● **AVAILABLE DATA**
- Opening Delimiter -

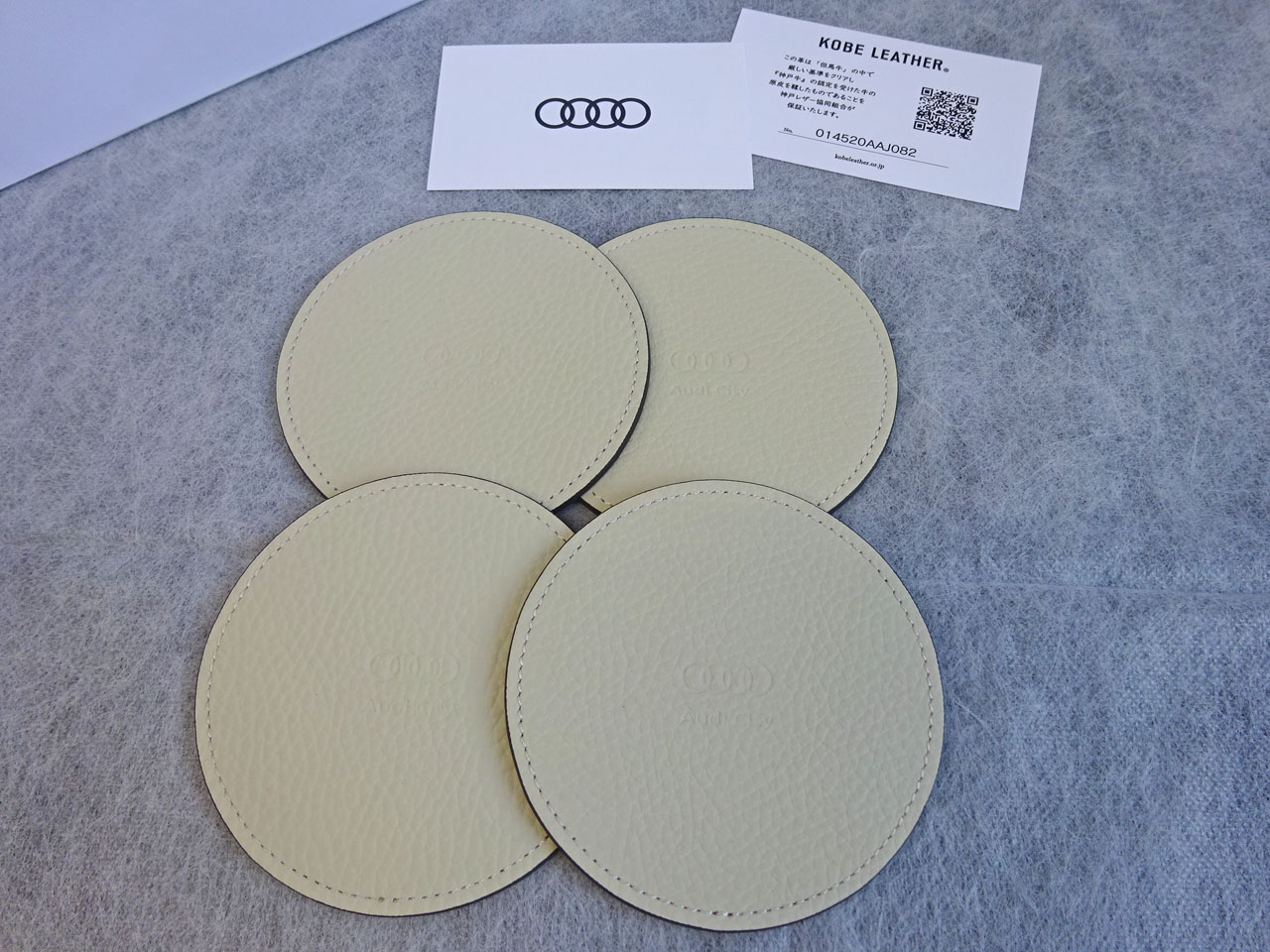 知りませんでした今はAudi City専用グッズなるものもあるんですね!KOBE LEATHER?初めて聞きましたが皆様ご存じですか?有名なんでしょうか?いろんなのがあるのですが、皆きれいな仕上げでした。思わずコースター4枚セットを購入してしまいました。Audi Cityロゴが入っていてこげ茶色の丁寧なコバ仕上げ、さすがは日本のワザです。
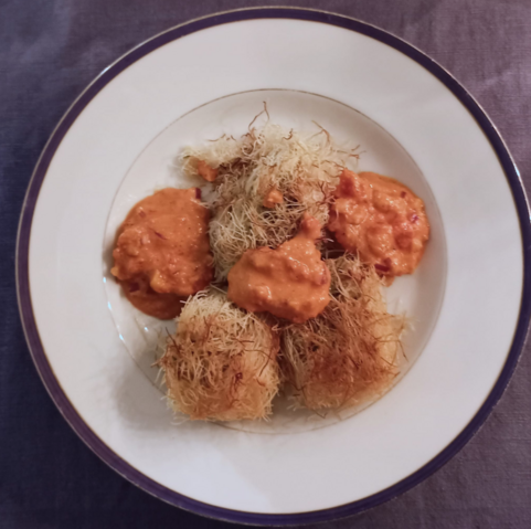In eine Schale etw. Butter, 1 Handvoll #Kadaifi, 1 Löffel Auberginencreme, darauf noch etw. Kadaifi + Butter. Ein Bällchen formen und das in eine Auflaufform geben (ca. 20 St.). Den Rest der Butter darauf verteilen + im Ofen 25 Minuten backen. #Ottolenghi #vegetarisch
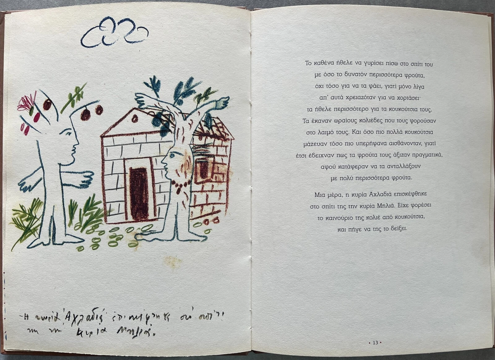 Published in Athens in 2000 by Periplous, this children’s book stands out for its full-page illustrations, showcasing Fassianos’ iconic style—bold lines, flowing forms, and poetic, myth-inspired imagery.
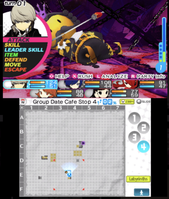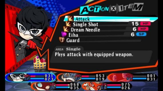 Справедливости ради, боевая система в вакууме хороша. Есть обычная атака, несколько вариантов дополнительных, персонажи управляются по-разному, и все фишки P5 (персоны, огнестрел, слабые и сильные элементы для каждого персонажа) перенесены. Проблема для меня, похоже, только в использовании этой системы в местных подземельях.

- Closing Delimiter -

Give back, exactly as written, the lines from the top of the material through the line with "In eine Schale", ends included and pictures left aside.

 知りませんでした今はAudi City専用グッズなるものもあるんですね!KOBE LEATHER?初めて聞きましたが皆様ご存じですか?有名なんでしょうか?いろんなのがあるのですが、皆きれいな仕上げでした。思わずコースター4枚セットを購入してしまいました。Audi Cityロゴが入っていてこげ茶色の丁寧なコバ仕上げ、さすがは日本のワザです。
In eine Schale etw. Butter, 1 Handvoll #Kadaifi, 1 Löffel Auberginencreme, darauf noch etw. Kadaifi + Butter. Ein Bällchen formen und das in eine Auflaufform geben (ca. 20 St.). Den Rest der Butter darauf verteilen + im Ofen 25 Minuten backen. #Ottolenghi #vegetarisch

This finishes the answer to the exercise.